Effective Date: November 07, 1989
Parties:

Interlink Electronics

Sectors: Computer Hardware
Governing Law:  Delaware
EXHIBIT 10.6


RESTRUCTURING AGREEMENT


This RESTRUCTURING AGREEMENT (this "Agreement") is entered into and is effective as of the date set forth below by and between INVESTAR S.a. r.l. ("InvestAR"), a Luxembourg private limited liability corporation, INTERLINK ELECTRONICS ("Interlink"), a California corporation, INTERLINK ELECTRONICS EUROPE, S.a. r.l. ("IEE"), a Luxembourg private limited liability corporation, and IEE FINANCE, S.a. r.l. ("IEEF"), a Luxembourg private limited liability corporation.


RECITALS


WHEREAS, InvestAR and Interlink are parties to a Joint Venture Agreement, dated as of November 7, 1989 (the "Joint Venture Agreement").


WHEREAS, InvestAR, Interlink, IEE and IEEF are parties, as stated below, to the following agreements relating to the Joint Venture:


a) Exclusive License and Distributor Agreement between Interlink
and IEE, dated as of November 7, 1989 (the "License
Agreement").


b) Manufacturing and Supply Agreement between Interlink and IEE,
dated as of November 7, 1989 (the "Supply Agreement").


c) Letter Agreement among InvestAR, IEE and Interlink, dated as
of November 7, 1989 (the "Letter Agreement").


d) Agreement among InvestAR, IEE and Interlink, dated December
14, 1990 (the "December 14, 1990 Agreement").


e) Interlink Europe Financing Agreement between InvestAR and
Interlink, dated June 25, 1992 (the "June 25, 1992
Agreement").


f) Ink . Technology Transfer Agreement among InvestAR, IEE and
Interlink, dated as of December 11, 1992 (the "Ink
Agreement").


g) Financing Agreement in relation with Ink Technology Transfer
Agreement, dated December 11, 1992 (the "Ink Financing
Agreement").


h) Escrow Agreement for Ink Technology among Interlink, InvestAR,
IEE and Banque et Caisse d'Epargne de l'Etat, dated as of
January, 1992 (the "Ink Escrow Agreement").
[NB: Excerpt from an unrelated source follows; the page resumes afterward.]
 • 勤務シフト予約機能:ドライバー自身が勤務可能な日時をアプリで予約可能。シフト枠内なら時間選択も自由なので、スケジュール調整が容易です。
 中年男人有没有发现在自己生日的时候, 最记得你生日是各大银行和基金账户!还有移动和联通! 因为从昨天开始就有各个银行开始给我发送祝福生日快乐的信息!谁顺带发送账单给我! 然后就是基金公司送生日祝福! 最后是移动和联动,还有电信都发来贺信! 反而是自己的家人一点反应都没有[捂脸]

i) Interlink Europe Financing Agreement between Interlink and
InvestAR, dated April 7, 1993 (the "April 7, 1993 Agreement").


j) Technology Purchase Agreement between IEE and Interlink, dated
as of December 6, 1993 (the 'Technology Agreement").
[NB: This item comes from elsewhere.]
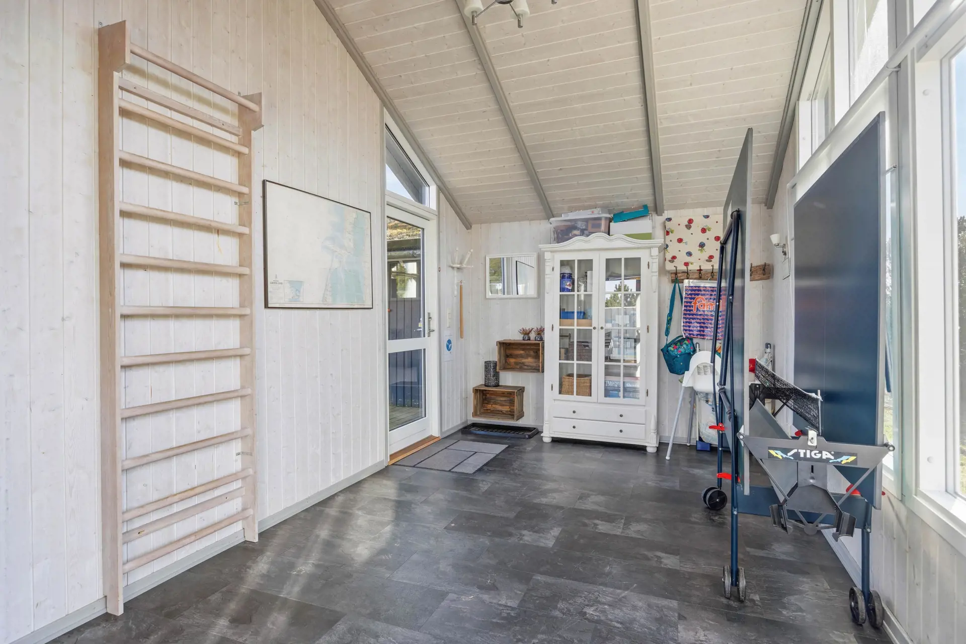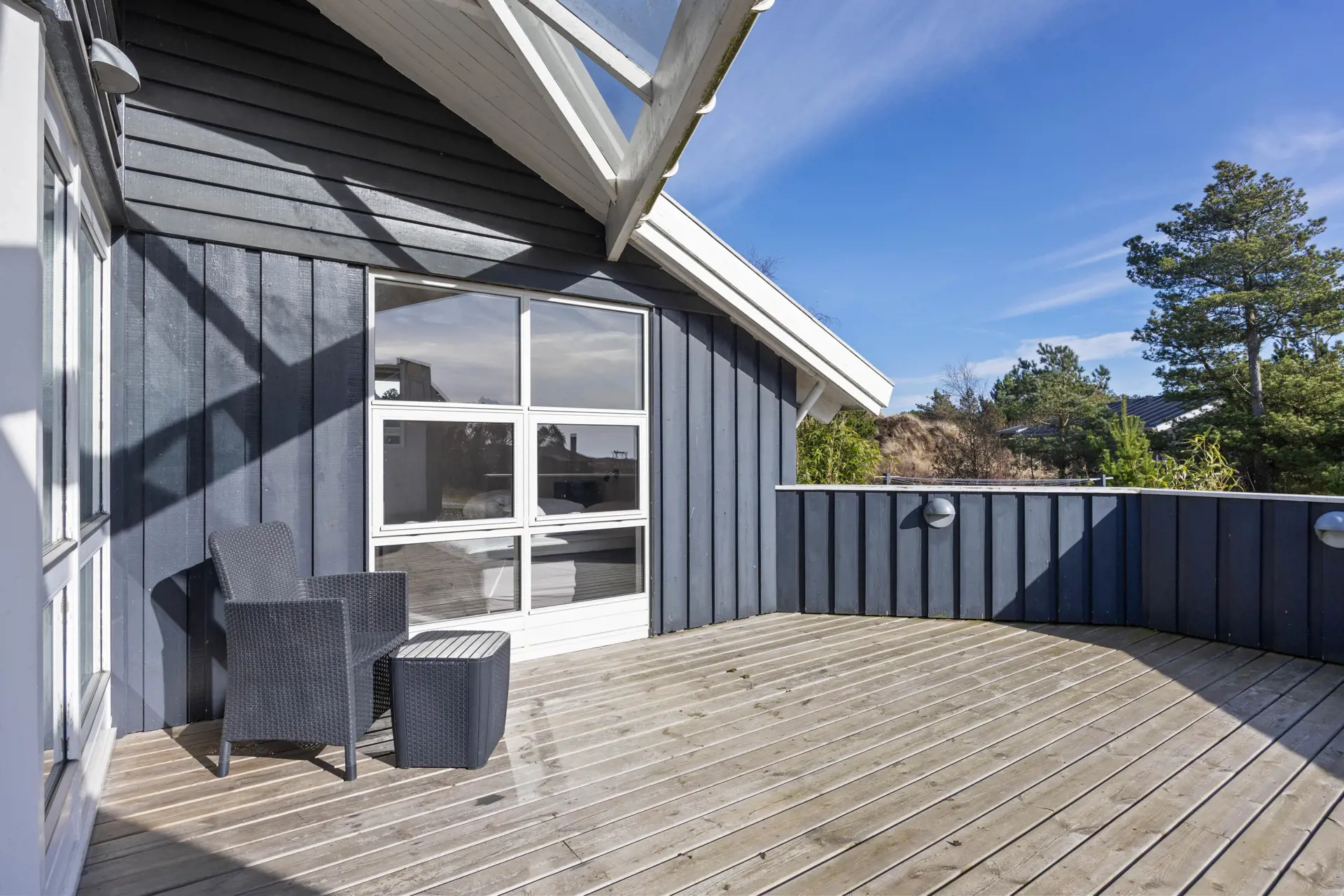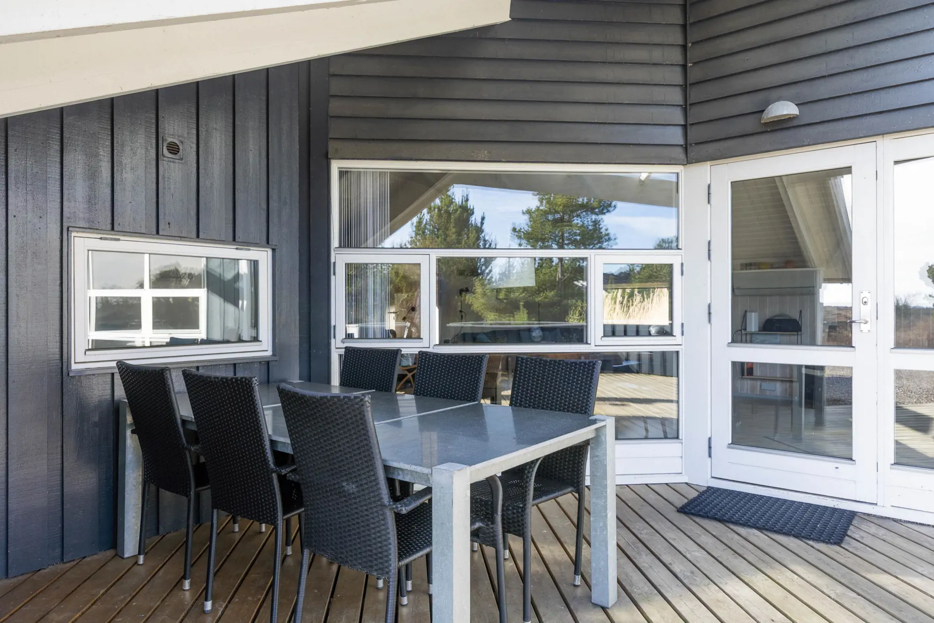 Ein besonders schöner Ort ist die geschlossene Terrasse auf der Ostseite des Hauses. Hier könnt ihr sonnige Tage in ruhiger und privater Atmosphäre genießen und in den Gartenmöbeln entspannen. Lasst den Tag mit einem köstlichen Grillgericht ausklingen und genießt den malerischen Sonnenuntergang am Strand, der nur 2.000 Meter von eurer Ferienadresse entfernt liegt.

WHEREAS, InvestAR owns 510,775 shares of the Common Stock of Interlink (the "Interlink Shares").


WHEREAS, Interlink owns 250 shares of the Common Stock of IEE, and 77,250 shares of the Common Stock of IEEF (together the "IEE Shares").


WHEREAS, Interlink may be reincorporated in Delaware in 1994 and IEE may relocate within the Grand Duchy of Luxembourg.


WHEREAS, the parties wish to restructure the arrangement between and among them, 1) including exchanging the Interlink Shares and the IEE shares, 2) terminating the Joint Venture Agreement and certain of the other agreements, and 3) amending and restating the License Agreement.


NOW, THEREFORE, intending to be legally bound, the parties agree as follows:


TERMS AND CONDITIONS


1. EXCHANGE OF INTERLINK SHARES AND IEE SHARES. Interlink hereby
agrees to transfer its entire right, title and interest in the
IEE Shares to InvestAR, and in exchange therefor InvestAR
hereby agrees to transfer its entire right, title and interest
in the Interlink Shares to Interlink. Upon the signing hereof,
Interlink and InvestAR shall execute and deliver all documents
and instruments necessary to effect the transfer of the IEE
Shares and the Interlink Shares, respectively, and any other
ownership documents. Upon receipt by Interlink, the Interlink
Shares shall be treated as authorized but unissued shares of
Interlink.


2. TERMINATION OF CERTAIN AGREEMENTS AND OTHER ACTIONS.


2.1 Termination of Certain Agreements. The following
agreements are hereby terminated effective as of the
date set forth below:


(a) Joint Venture Agreement


(b) Supply Agreement


(c) Letter Agreement


(d) December 14, 1990 Agreement


(e) June 25, 1992 Agreement


(f) Ink Financing Agreement


(g) April 7, 1993 Agreement


Concurrently with the execution of this Agreement,
ARBED S.A. and InvestAR have delivered to Interlink a
letter confirming the termination of the undated
letter agreement among ARBED, InvestAR and Interlink,
to which termination Interlink agrees.


2.2 CONTINUATION OF CERTAIN AGREEMENTS. The following
agreements shall continue in full force and effect:


(a) Technology Agreement


(b) Ink Agreement


(c) Ink Escrow Agreement


In the event of any conflict or inconsistency between
this Agreement and such agreements, the terms of this
Agreement shall govern.


2.3 AMENDMENT AND RESTATEMENT OF THE LICENSE AGREEMENT.
The License Agreement shall be amended and restated
in the form attached hereto as Exhibit A.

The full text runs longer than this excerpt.